Wilensky and Papert’s Restructurations

4 August 2023

The ways in which we represent problems, domains, the world, directly affect our ability to understand, learn, and transform them. Thus, finding better representations is central to finding better ways to interact with the world.

In their paper Restructurations: Reformulating Knowledge Disciplines through New Representational Forms, Uri Wilensky and Seymour Papert1 coin the terms structuration and restructuration to refer to the relationship between knowledge representation, and the “representational infrastructure” used to represent that knowledge. Specifically,

Wilensky and Papert give beautiful examples of how restructuration can profoundly change our ability to understand and manipulate knowledge.

The first example they give is that of the shift from Roman to Hindu-Arabic representation of numbers, and the impact this change had on humans’ ability to both understand and perform arithmetic operations. No amount of pedagogical improvements in the context of the Roman system could have even approached the improvement made by the restructuration brought about by the new representational infrastructure of the Hinu-Arabic system.

As a second example, they note how Andrea A DiSessa2 describes the historical restructuration of simple kinematics from a text-based to an algebraic representation; without being able to appeal to algebraic notations such as d=vt, Galileo struggled to handle a problem involving the relationship between distance, time and velocity. In this example, “algebra becomes the epistemological entity capable of transforming a complex and difficult idea into a form that is within the intellectual grasp of a high school student.”

As a third example they present different ways to define a circle. For Euclid, a circle is defined by the fact that all its points are at the same distance from a reference point called its center. The second view of the circle comes from a major restructuration of geometry by representing geometric entities in algebraic form. Here, the circle is defined by an equation such as x^2 + y^2 = K. The third view uses a computational object known as “the turtle”, which is an entity that has two “state properties”: a position and its heading.
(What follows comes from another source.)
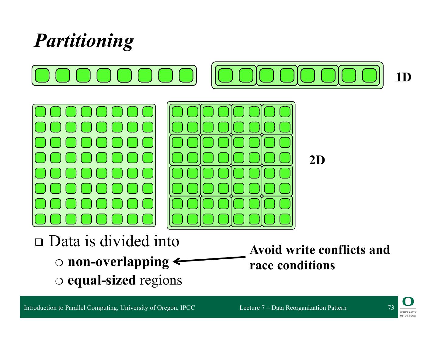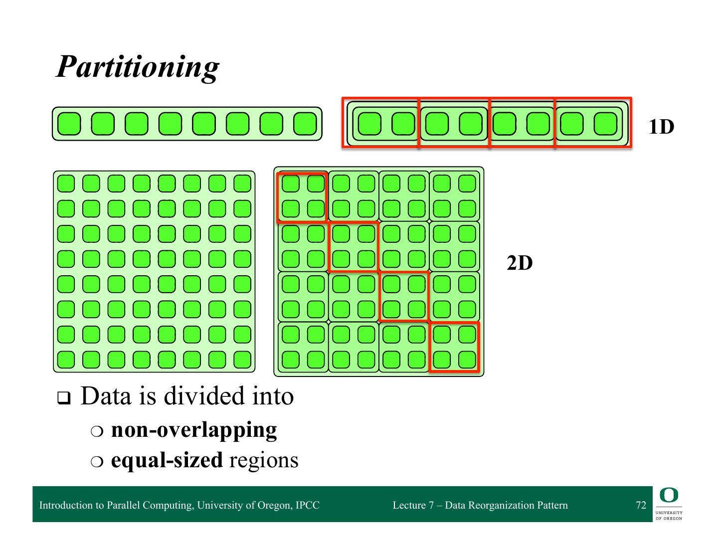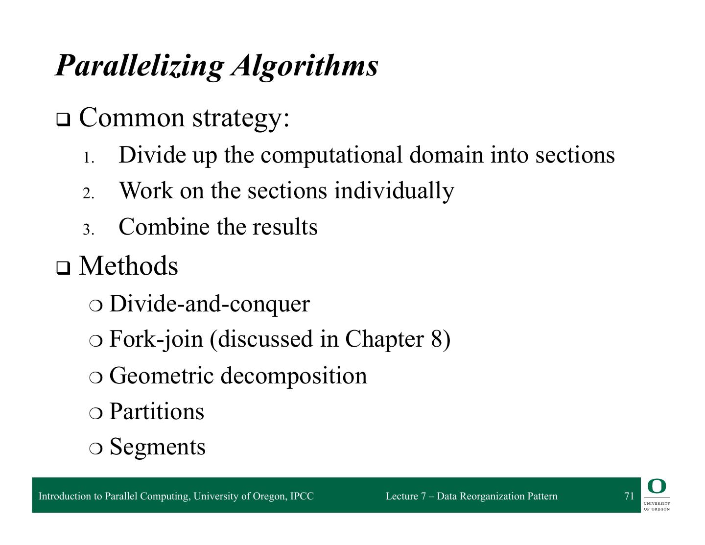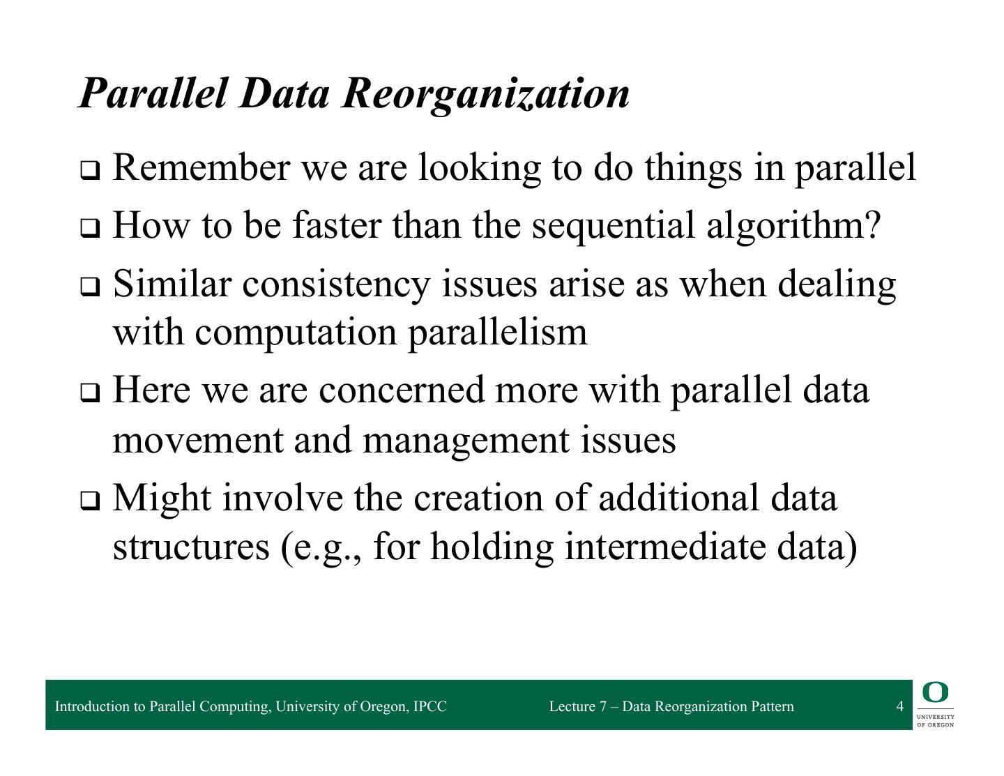 4 . Parallel Data Reorganization q Remember we are looking to do things in parallel q How to be faster than the sequential algorithm? q Similar consistency issues arise as when dealing with computation parallelism q Here we are concerned more with parallel data movement and management issues q Might involve the creation of additional data structures (e.g., for holding intermediate data) Introduction to Parallel Computing, University of Oregon, IPCC Lecture 7 – Data Reorganization Pattern 4
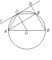 如圖,⊙O的直徑AB=4,C為圓周上一點(diǎn),AC=2,過(guò)點(diǎn)C作⊙O的切線l,過(guò)點(diǎn)B作l的垂線BD,垂足為D,BD與⊙O交于點(diǎn) E.

A turtle in motion has two velocities: its linear velocity is the rate of change of its position; its angular velocity is the rate of change of its heading. […] If a turtle moves with both velocities constant it will draw a circle! What is remarkable about this is that the turtle draws the circle without reference to any external entity such as Euclid’s “center” or Descartes “coordinate axes.”

A fourth and final view of the circle is that of an emergent property of a system of independent agents.

Place a large number of turtles at the same place. Give each one a random heading. Make them all move forward […] by the same amount. They will form a circle.

Here, the circle emerges from the behaviors of a large number of independent agents.3

Now, how do we know if a restructuration yields a superior structuration? Wilensky and Papert identify five dimensions to evaluate restructurations:

  1. Power properties: a restructuration of a domain must be able to do what could be done before and preferably more as well.
  2. Cognitive properties: a restructuration should be more easily learned.
  3. Affective properties: a restructuration can make the knowledge more engaging.
  4. Social properties: “restructurations generate memes that can have varying evolutionary fitness in the social landscape.”
  5. Diversity properties: “[…] we look for restructuration of domains to match people’s learning styles.”

The last three are important from a pedagogical perspective (which is one of the authors’ primarily concerns), but for the purpose of modeling a problem to be solved by computers and computer programmers, the first two seem to be the more important ones.

Closing

Restructurations go beyond simple changes of representation. They represent a more foundational change (the representational infrastructure) with a potentially broad and deep impact, such that multiple kinds of representations are potentially enabled or affected.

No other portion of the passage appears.